Dizziness is an extremely common symptom occurring in people of all ages, ethnicities, and socioeconomic backgrounds. Balance disorders increase with age, and by age 75, dizziness is one of the most common reasons for visiting a doctor. In the general population, dizziness is the third most common reason that patients visit doctors. According to the National Institutes of Health (NIH), about 42% of the population of the United States will complain of dizziness at some point in their lives. In the United States, the cost of medical care for patients with symptoms of imbalance is estimated to be more than $1 billion per year.
Because it involves so many different parts of the body, the balance system may exhibit signs of dysfunction for a variety of reasons. Dizziness may be caused by problems with the central nervous system, the vestibular system, the sensory organs, including the eyes, muscles and joints, or more systemic disorders such as cardiovascular disease, bacterial and viral diseases, arthritis, blood disorders, medications, or psychological illnesses.
Any problem that affects the nerves leading to the brain from vestibular or sensory organs, the spinal cord, the cerebellum, the cerebral cortex, or the brainstem may result in dizziness. In particular, tumors that affect any of these organs are of concern. In addition, disorders that affect blood supply to the central nervous system, such as transient ischemic attacks, stroke, migraines, epilepsy, or multiple sclerosis, may result in feelings of dizziness.

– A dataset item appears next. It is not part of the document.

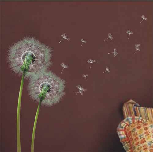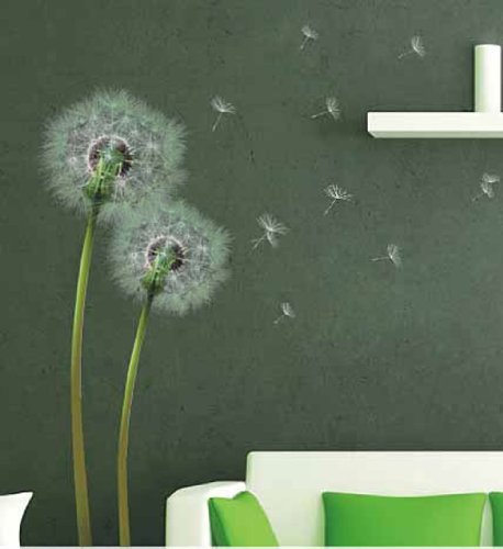 Denti di leone con gambo e semi al vento, adesivi, trasparenti, da muro, decorazione per stanze.

BRAINTUMORS Although rare, acoustic neuroma is a benign tumor growing on the vestibulo-cochlear nerves, which reach from the inner ear to the brain. It may press as well on blood vessels that flow between the peripheral vestibular system and the brain. Symptoms included ringing in one ear, imbalance, and hearing loss. Distortion of words often becomes increased as the tumor grows and disturbs the nerve. Treatment requires surgical removal of the tumor, which nearly always returns the sense of balance to normal, although some residual hearing loss may occur.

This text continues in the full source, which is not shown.